Directions =>
Nothing but the lines from the one with "Realizzata in soli" through the last line of the entries below should appear in the copy, please, and no pictures.

Records for the exercise =>
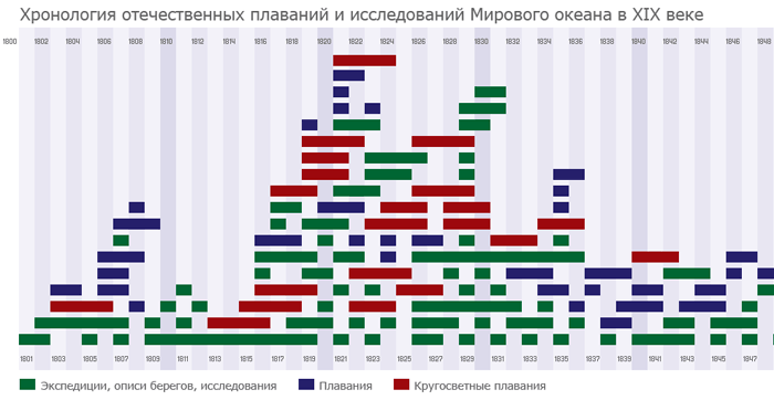 Было бы здорово, применяя принципы параллельного изложения, показать в одном месте плотность и продолжительность плаваний, их географию по десятилетиям, имена капитанов, названия кораблей и даже их внешний вид, который продемонстрирует технический прогресс и постепенный переход к пароходству:
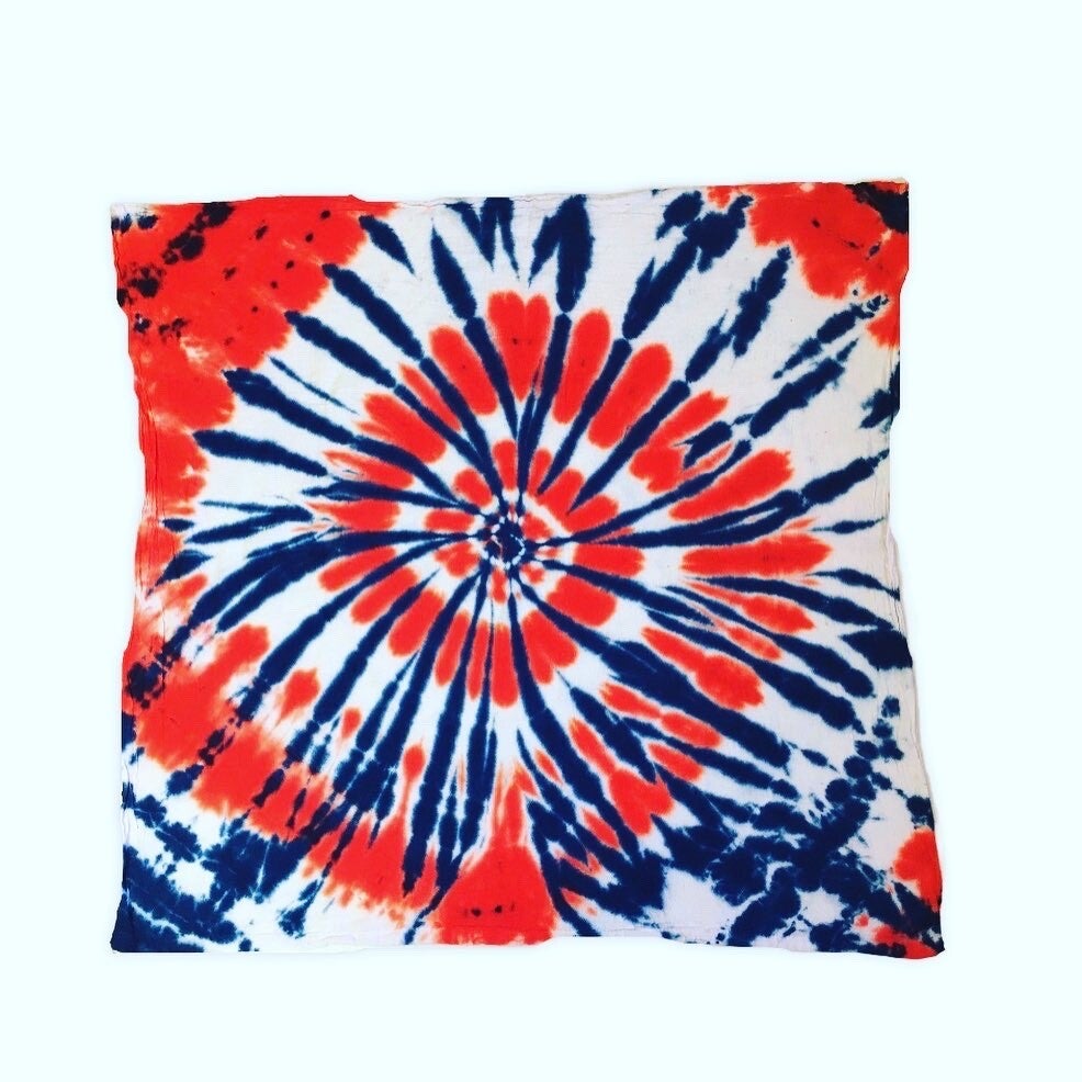 Peace out with these one of a kind bandanas featuring a USA swirl pattern. Measures 2' X 2'. Hand dyed bandanas are similar but differ slightly from each other. Can be used as a tapestry, flag or neckscarf. Fiber reactive dye on 100% cotton.
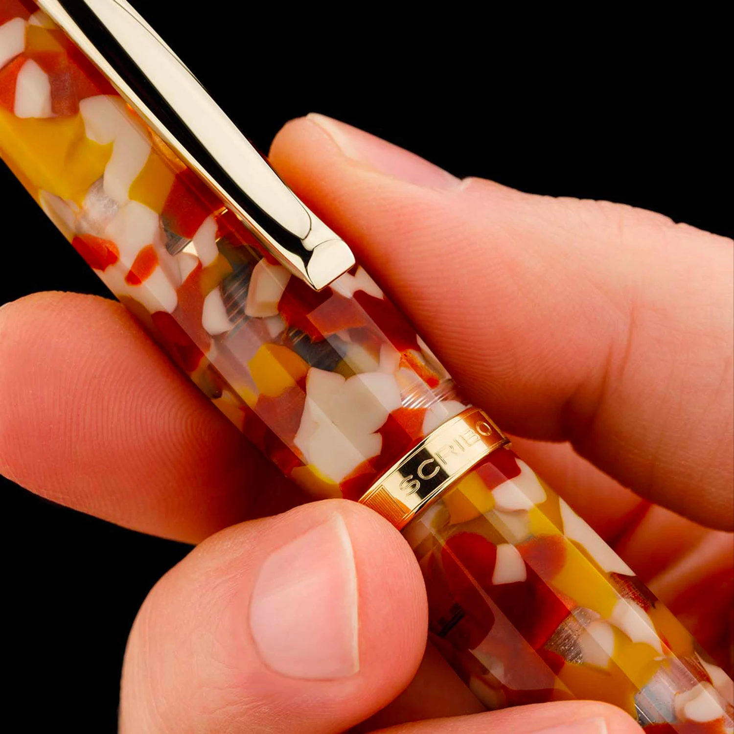 Realizzata in soli 150 esemplari numerati, Scribo Feel Sale di Volterra è dotata di pennino in oro 18kt, alimentatore in ebanite e sistema di caricamento a stantuffo. I pennini Flex invece sono in oro 14k. Una penna che trasforma la scrittura in un rito essenziale e autentico.
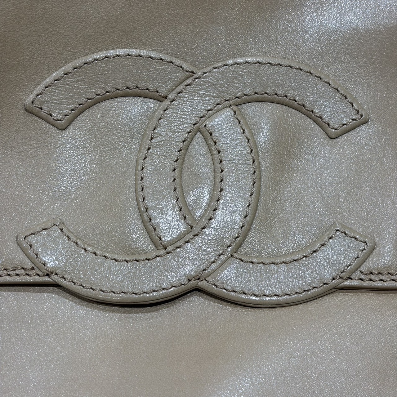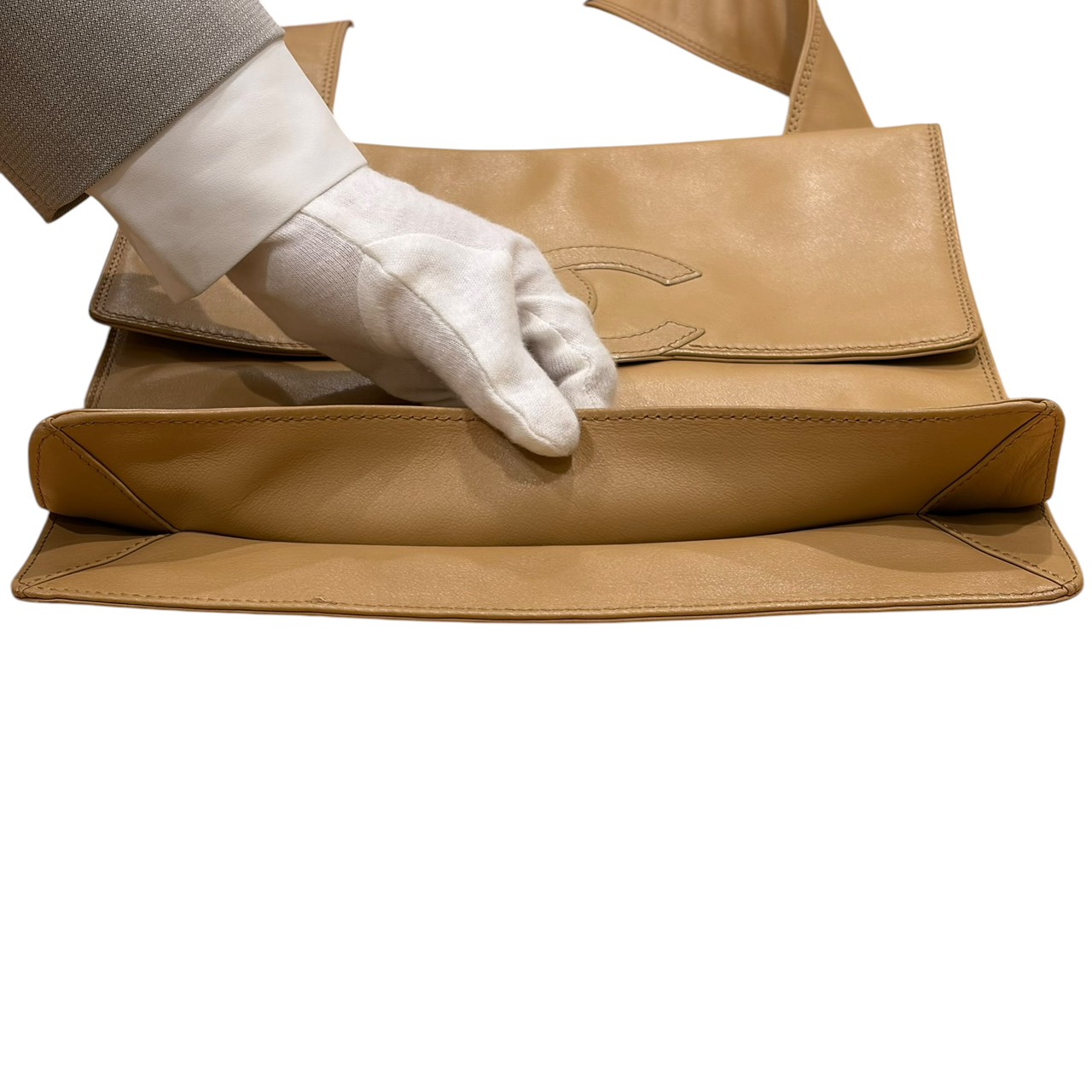 ココマーク フラップ ショルダーバッグ レザー ベージュ系
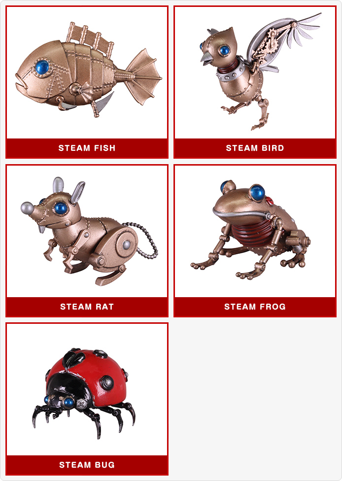 ラインナップは「STEAM FISH」「STEAM BIRD」「STEAM RAT」「STEAM FROG」「STEAM BUG」の全5種。
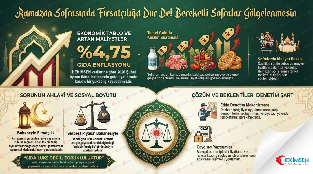 Hekimsen Açlık ve Yoksulluk Sınırı hesaplamasında 2026 yılı Şubat ayının ikinci haftasında gıda enflasyonu %4,75 çıkmıştır. Açıklanan veriler ve harcama kalemlerine yansıyan tablo, Ramazan ayı öncesinde ve Ramazan’ın başlangıcında temel gıda ürünlerinde dikkat çekici fiyat yükselişleri yaşandığını açıkça göstermektedir.

Answer to this exercise =>
 Realizzata in soli 150 esemplari numerati, Scribo Feel Sale di Volterra è dotata di pennino in oro 18kt, alimentatore in ebanite e sistema di caricamento a stantuffo. I pennini Flex invece sono in oro 14k. Una penna che trasforma la scrittura in un rito essenziale e autentico.
 ココマーク フラップ ショルダーバッグ レザー ベージュ系
 ラインナップは「STEAM FISH」「STEAM BIRD」「STEAM RAT」「STEAM FROG」「STEAM BUG」の全5種。
 Hekimsen Açlık ve Yoksulluk Sınırı hesaplamasında 2026 yılı Şubat ayının ikinci haftasında gıda enflasyonu %4,75 çıkmıştır. Açıklanan veriler ve harcama kalemlerine yansıyan tablo, Ramazan ayı öncesinde ve Ramazan’ın başlangıcında temel gıda ürünlerinde dikkat çekici fiyat yükselişleri yaşandığını açıkça göstermektedir.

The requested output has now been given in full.